The study revealed that that the prevalence of YOH in Malaysia was comparable to that seen in other developing countries and that this prevalence had remained stable from 2006 to 2015, affecting nearly one fifth of the young adult population. The analysis also showed that awareness, treatment and control rates were suboptimal over the 10-year period. These findings indicate that YOH has been a significant public health problem for the past decade, and will only continue to remain a problem unless major strides are undertaken. The increasing prevalence of YOH among the urban population and those of differing socioeconomic status highlights the need for interventions that would target prevention in these groups. Public health preventive measures should focus on the younger age group as evidence shows that when they are treated, they are more likely to achieve better overall control. Among men, the emphasis should be on improving their awareness and treatment rates, whereas in women, the focus should be on measures to improve persistence in treatment adherence. The different sociocultural beliefs and values affecting different races should be considered during consultations as they may have substantial impact on YOH treatment adherence and control. Furthermore, the adoption of the new 2017 American College of Cardiology/American Heart Association definition of hypertension and treatment target from 140/90 to 130/80 mmHg is expected to lead to a substantial increase in the prevalence of YOH with BP levels above the treatment goals, thus indicating that addressing hypertension at a younger age may help prevent the complications of hypertension [34].

The influence of cultural factors across ethnic populations cannot be ignored in respect of addressing the issue of adherence to medication compliance and lifestyle changes, especially in a multiracial country such as Malaysia. It would be worthwhile to undertake further research to identify the genetics contributing to these disparities and explore how healthcare utilization uptakes and treatment adherence differ across these ethnicities [35]. Throughout the process of conducting this study, defining an age range for YOH was challenging as there are no specific guidelines for defining the term “young adult”. While the definition of 18–39 years is contextually relevant to young Malaysian adults, further examination and standardization of the definition of young adults in the global context is recommended, for example, those between the ages of 18 and 25 years.

Summary

What is known about this topic

  • Prospective epidemiological studies have shown that BP has a continuous, graded adverse effect on the risk of developing future cardiovascular events. In short, the earlier the onset of hypertension, the longer its duration, and the greater the risk for future cardiovascular events.
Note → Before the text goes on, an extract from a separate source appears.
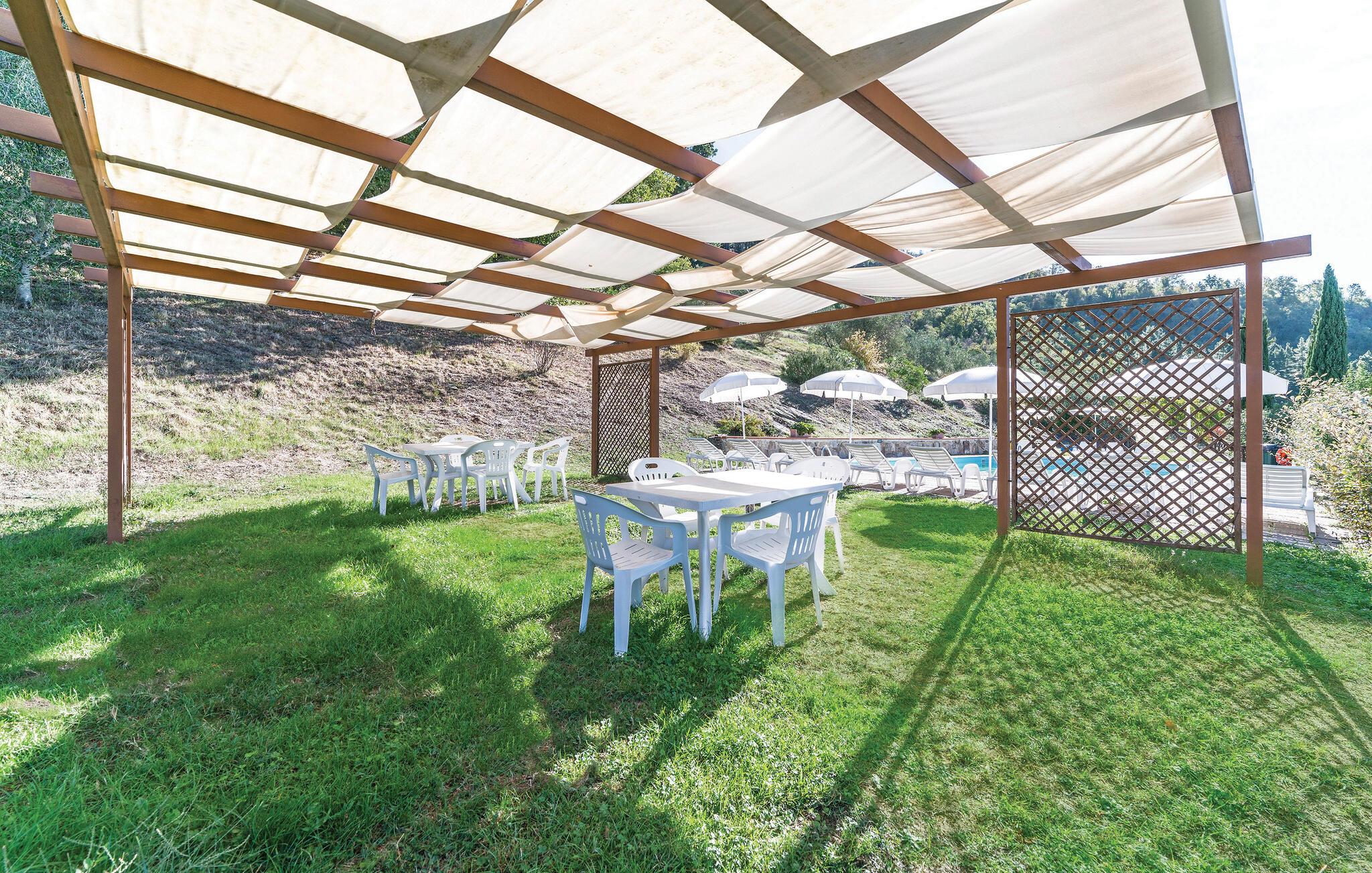 Uteområdet er et sant paradis. Slapp av ved det store fellesbassenget med solsenger og parasoller, eller nyt en piknik på den grønne plenen. For de yngste er det en huske og en sklie samt god plass til å leke. Benytt terrassen til uteservering og beundre den fantastiske utsikten over landskapet.

  • Recognizing the importance of the health of young adults in relation to hypertension, some communities and countries have already begun examining YOH to highlight this issue in their local setting. In the USA alone, it has been elucidated that nearly one in five young adults have hypertension and measures are already underway to expound and address this.

What this study adds

  • Utilising data from the NHMSs over 10 years from 2006 to 2015, this study reveals the pervasiveness of YOH in Malaysia. Data on trends of YOH are important to monitor the burden of cardiovascular outcomes, and assess the effectiveness of available public health interventions over time.

  • Subgroup analysis reveals important target groups and focused areas on the management and prevention of hypertension among young adults.